Le Maroc empêche une enquête des parlementaires européens

Cette version du premier policier espagnol a eu un écho du côté de Rabat par l’interdiction d’une délégation de parlementaires européens d’entrée à Nador pour enquêter sur cette tragédie. «Les autorités marocaines ont empêché, ce mardi, une délégation de parlementaires européens d’entrer dans la ville de Nador pour enquêter sur la tragédie ayant conduit à la mort de dizaines de migrants tués par la police marocaine alors qu’ils tentaient d’entrer dans l’enclave espagnole de Melilla», a indiqué l’Association marocaine des droits de l’homme (AMDH). Les autorités qui les ont informés de ce refus n’ont fourni aucune raison.

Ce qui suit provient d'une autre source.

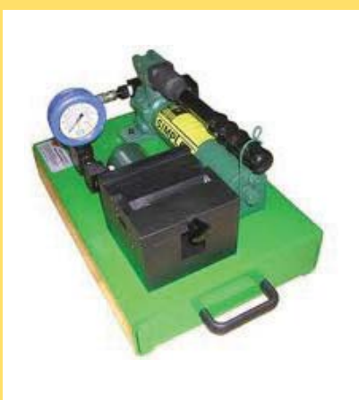
Tube Flaring Machine

Des députés réclament la tête de Grande-Marlaska

L’eurodéputé Miguel Urban, qui conduisait la délégation, était le matin de la même journée à Melilla et a demandé la démission ou la révocation du ministre de l’Intérieur espagnol pour sa co-responsabilité dans cette tragédie, selon Europa Press. Le député a également pointé du doigt la responsabilité du Maroc et a évoqué «la responsabilité pénale des forces de sécurité marocaines comme leur gendarmerie et le gouvernement marocain lui-même». «Nous parlons de l’assassinat d’au moins quarante personnes et de la disparition de soixante-dix autres (…), il s’agit d’un acte criminel qui doit rendre des comptes car, sinon, la loi de l’anarchie et la loi de l’impunité prévaudront, précisément sur le territoire européen, et cela ne peut être autorisé», a martelé le député devant les journalistes. Il a bien entendu réclamé sa démission ou son limogeage en estimant son attitude honteuse, sachant que l’UE participe au financement de la lutte du Maroc contre l’immigration clandestine. L’eurodéputé a rappelé au ministre de l’Intérieur qu’il devra comparaître devant le parlement européen pour s’expliquer sur ce drame et sa sanglante gestion.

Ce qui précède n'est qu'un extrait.